Paper Citing NAMD - Abstract
Heidarsson, Petur O.; Otazo, Mariela R.; Bellucci, Luca; Mossa, Alessandro; Imparato, Alberto; Paci, Emanuele; Corni, Stefano; Di Felice, Rosa; Kragelund, Birthe B.; Cecconi, Ciro
Single-Molecule Folding Mechanism of an EF-Hand Neuronal Calcium Sensor
STRUCTURE, 21:1812-1821, OCT 8 2013
EF-hand calcium sensors respond structurally to changes in intracellular Ca2+ concentration, triggering diverse cellular responses and resulting in broad interactomes. Despite impressive advances in decoding their structure-function relationships, the folding mechanism of neuronal calcium sensors is still elusive.

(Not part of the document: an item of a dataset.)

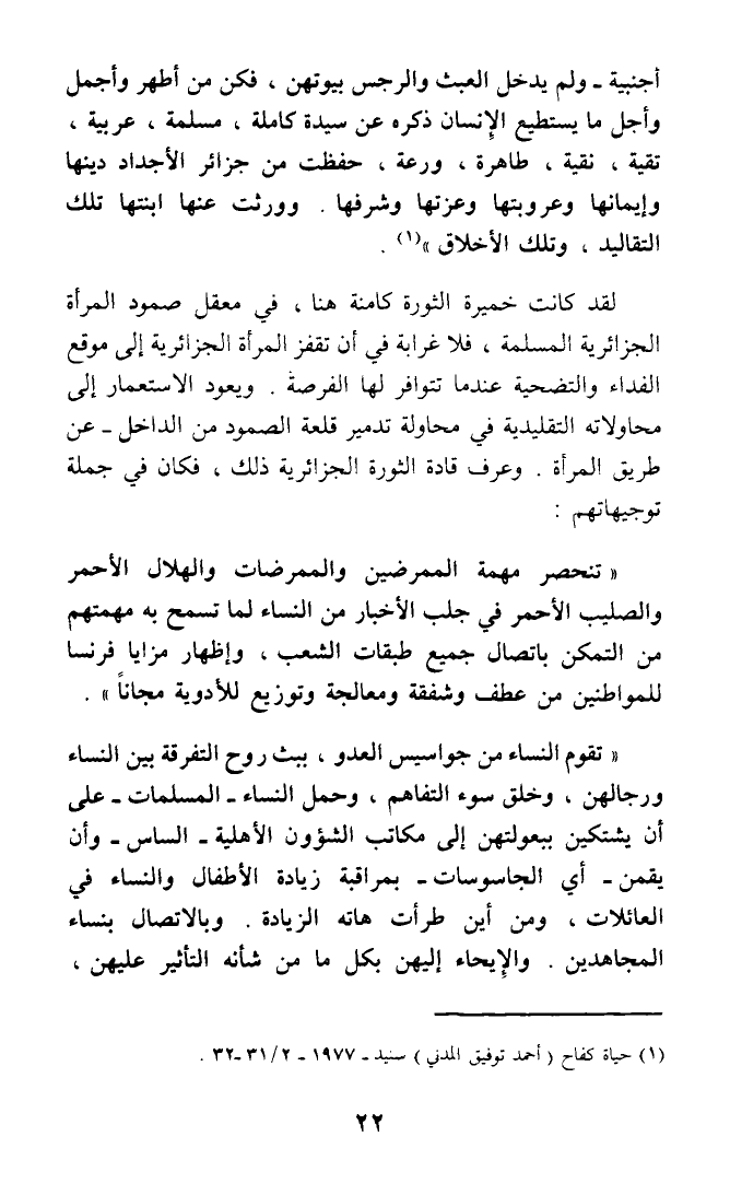 لقد كانت خميرة الثورة كامنة هنا، في معقل صمود المرأة الجزائرية المسلمة، فلا غرابة في أن تقفز المرأة الجزائرية إلى موقع الغداء والتضحية عندما تتوافر لها الفرصة. ويعود الاستعمار إلى محاولاته التقليدية في محاولة تدمير قلعة الصمود من الداخل - عن طريق المرأة. وعرف قادة الثورة الجزائرية ذلك، فكان في جملة توجيهاتهم:

We used single-molecule optical tweezers to study the folding mechanism of the human neuronal calcium sensor 1 (NCS1). Two intermediate structures induced by Ca2+ binding to the EF-hands were observed during refolding. The complete folding of the C domain is obligatory for the folding of the N domain, showing striking interdomain dependence. Molecular dynamics results reveal the atomistic details of the unfolding process and rationalize the different domain stabilities during mechanical unfolding. Through constant-force experiments and hidden Markov model analysis, the free energy landscape of the protein was reconstructed. Our results emphasize that NCS1 has evolved a remarkable complex interdomain cooperativity and a fundamentally different folding mechanism compared to structurally related proteins.